Bob Pianta is not dismayed by the challenges facing education and society at large. Now in his ninth year as dean of the Curry School of Education, Pianta believes a plentiful and rich resource has long gone untapped, and when released, could profoundly impact our communities and the world.
That resource is America's youth.
"We are surrounded by young people with energy and talent, a willingness to take risks, a desire to be engaged and involved, and droves of creativity, but we have done very little to provide the space to develop and channel that talent and energy," said Pianta. "With the right support from adults and society, young people will do incredible things."
Q: What kind of potential do you see?
A: Teenagers and young twenty-somethings have the eagerness and the capacity to take on some of our nation's greatest challenges: public education, a productive economy, environmental degradation, massive inequality, and a rapidly aging population. All of these will require the creativity, commitment, and decision-making talents of today's youth.

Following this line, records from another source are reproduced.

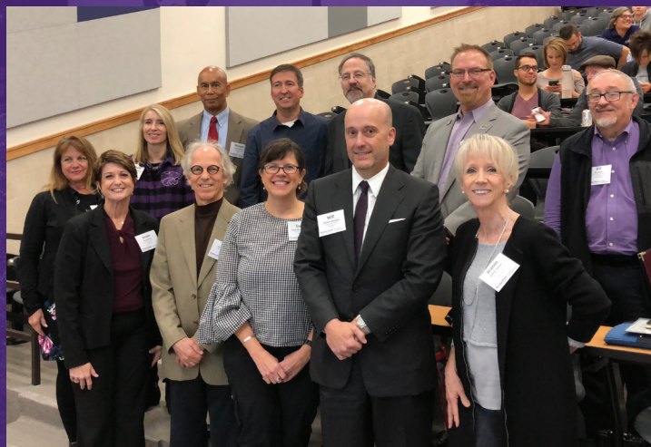
Alumni Advisory Council Meeting.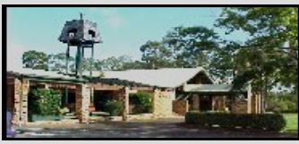
St Bernard's Church 4 Klumpp Rd, U M G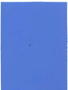
New Phlox 0243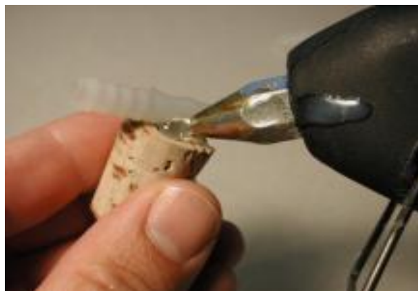
Gluing the cork

Step 5: Using a drill or cork borer, make a small (4mm) hole in the center of the stopper. Add a few drops of hot glue around and inside the hole and insert the stem of the ¼-inch T-adapter into the cork.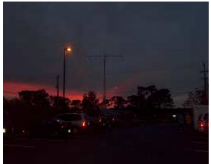
10 Meter Beam at Sunset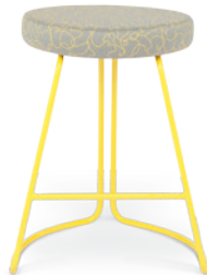
17" high, sunshine frame finish.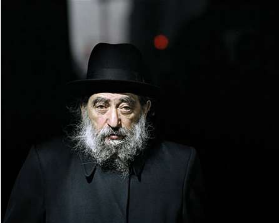
Philip-Lorca Dicorcia, Head #13, 2001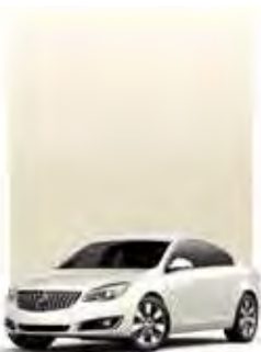
WHITE FROST TRICOAT 2

And we know they are capable. The capacity of youth to tackle significant problems is on display in the Black Lives Matter movement, in the High Tech High charter school system, and in teen-led TED talks on topics ranging from human rights to nuclear fusion. When educators and civic leaders give teens interesting, challenging and relevant problems to solve, they rise to the occasion.

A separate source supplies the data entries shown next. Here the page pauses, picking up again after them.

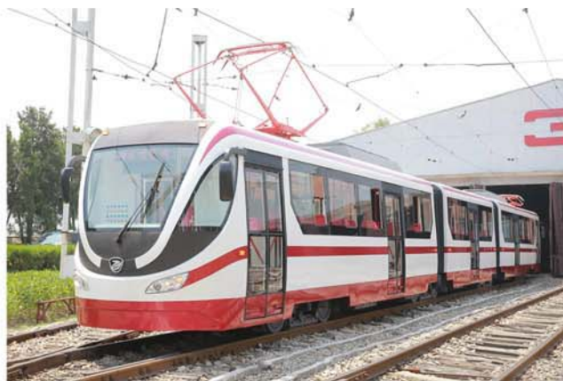
New models of a tramcar and a trolley bus.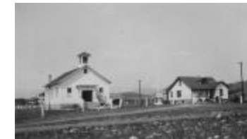
United Church and minister's house in Morley, Alberta (a034700)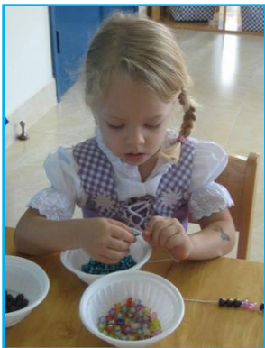
Threading a bracelet.

Street 10. It was so much fun to see what our friends were wearing! Then we ate our very own feast of food from around the world! We were all very proud of what we shared! We continued learning about our countries individually through different activities.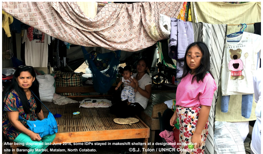
After being displaced last June 2016, some IDPs stayed in makeshift shelters at a designated evacuation site in Barangay Marbel, Matalam, North Cotabato.

Armed encounters between the same parties had earlier triggered displacements in several barangays of Matalam in December 2015 and June 2016 (see: previous editions of the Monthly Displacement Dashboard and the IDP Protection Assessment Report dated June 07, 2016). Efforts are ongoing to peacefully settle the dispute, but so far, to no avail. As of this report, the 172 affected families remain displaced.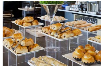
Hotel Mercure Paris 19 Philharmonie La Villette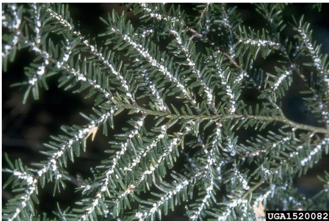
Figure 1. Heavy population of the hemlock woolly adelgid (photo by Daniel Herms, Forestry Images 1523054).

Attempts are being made at biological control of this species via importation of natural enemies however this effort is greatly limited by the fact that no member of the family Adelgidae is known to host any parasitoid species.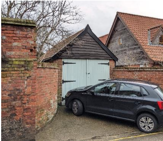
Garage to No.7 Queen Street

Garage to No.7 Queen Street (Positive Unlisted Building). Late-20th century small garage with gable to the street. Built of red brick with red pantile roof and dark stained waney edge timber gable. The structure contributes to the street through its modest Arts and Crafts inspired charm.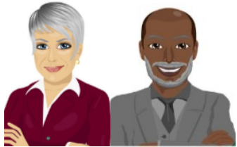
Leaders (197) Project Managers (54)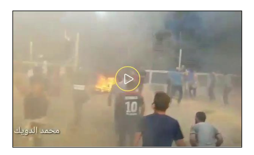
In this video, posted on Palestinian social media, explosions on the security infrastructure can be seen, causing serious damage, as well as sabotage of the technology that the infrastructure contains.

The substantial damage to the security infrastructure has resulted in heightened risk to the communities living in the vicinity of the Gaza Strip and to Israel more generally. Damage to the technology and physical elements of this infrastructure leaves entire sectors of the fence inoperable, thus impairing the IDF's ability to detect and respond quickly to attempted infiltrations into Israel. Damage to engineering equipment in the area has resulted in delays in completing the underground obstacle and technology designed to detect cross-border tunnels.

It's a mistake and a missed opportunity to view the teenage years as a kind of threat that must be contained, or as a stage of life to be tolerated until a more productive or useful time arrives.

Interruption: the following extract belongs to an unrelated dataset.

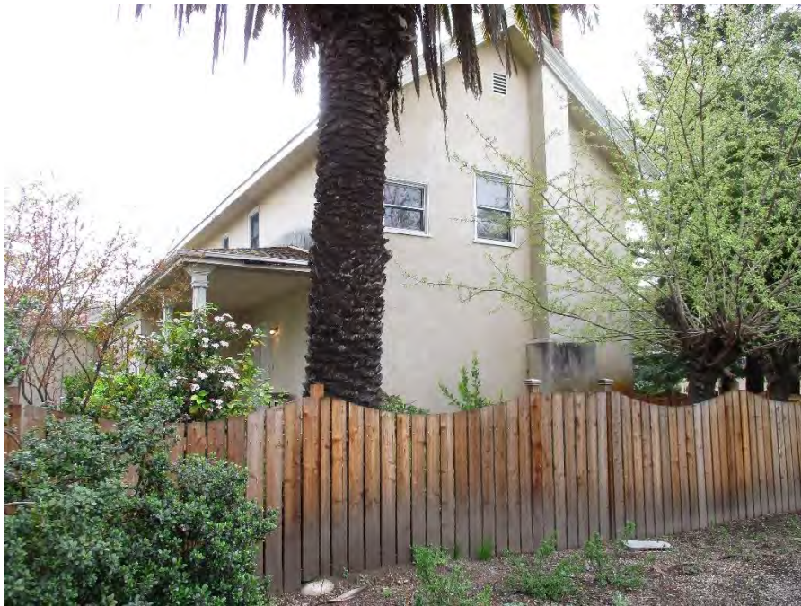
Photo showing the west elevation, facing south/southeast.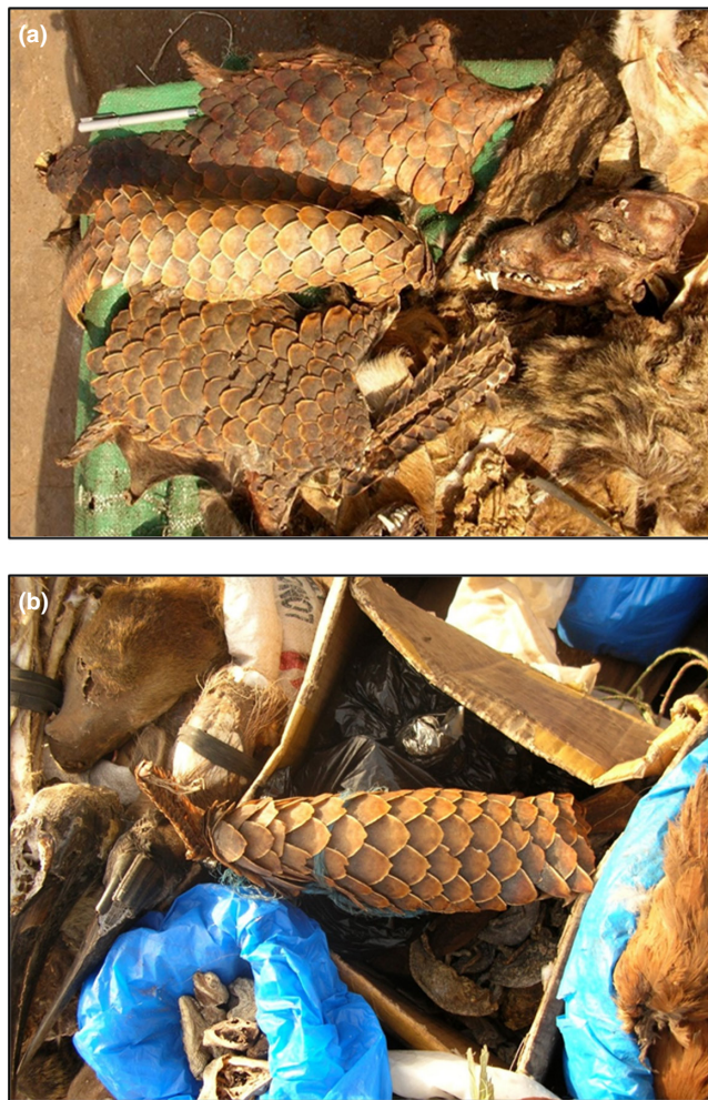
FIGURE 2 Black-bellied pangolin ( P. tetradactyla ) skins with scales for sale in the Marabagaw Yoro (fetish market), in Bamako, Mali. Three individuals supplied to the market by a traditional hunter from Kayes region on 11 March 2008 (a) and one individual on the market on 23 May 2008 (b).

animals at least once in their life (Warshall, 1989). West Africans and European and American tourists bought such products to acquire special 'powers' or as a sign of wealth and contributed to driving the trade in animal parts in Bamako. Several examples of how body parts are used to treat a variety of ailments or for ritual purposes are provided (e.g. hyena skin and python meat) and include selling stuffed pangolin paws to prevent rain (neither genus or species are reported). This was corroborated in 2007 by a traditional hunter based east of Bafing Faunal Reserve, who also stated that pangolin 'power' is the ability to control the weather (pers. comm. I. Edwards).

Q: What prevents this kind of potential from being realized?
A: As adults, we have created a system that at best treats youth as incomplete, and at worst as threats. Teens' assets don't fit neatly into our system, so we often don't recognize what they can accomplish. For example, what many see as the "risky behavior" of youth, I believe, is the creativity and energy that makes them innovators. They are square pegs in the systems of round holes created by adults.
Q: What is the impact of that disconnect on youth?
A: Contrast the promise of youth with the staggering loss of their human capital — near-record dropout and unemployment rates; 50 percent say school, including college, is irrelevant; almost half of teens show health and mental health problems.
Middle schools in America are a great example of our utter failure to design environments based on what we know of the development of the average 13 year old. Our system tells them to sit in desks and memorize facts all day. And when young people signal their dissatisfaction with this sort of treatment, our schools respond by reinforcing the "round hole" that created this in the first place — zero tolerance for what we describe as misbehavior; referrals for medication; or routing youth to special education services. At worst, we funnel them into the justice system.
Q: What is the Curry School doing to champion youth as assets?
A: For years, Youth-Nex, our research center focused on positive youth development, has led the way for UVA faculty and researchers to identify the connections and disconnections between education and human development. We know that if we can synchronize how to educate youth with what we now understand about how youth learn and develop, they will flourish. The upside of this effort is tremendous and touches on scientific progress as well as social change.
Our work going forward is to continue bringing together researchers from a wide variety of fields in education and human development, as well as others such as neuroscience and cultural studies. It is this whole university effort that can make a transformative difference. Once we gather the knowledge that surrounds youth as assets, that knowledge needs to be applied in places it can matter, through work on policy, programs, and education.
If we get this right, it's transformative for society and for youth. Then, just watch what they will accomplish. That excites me the most.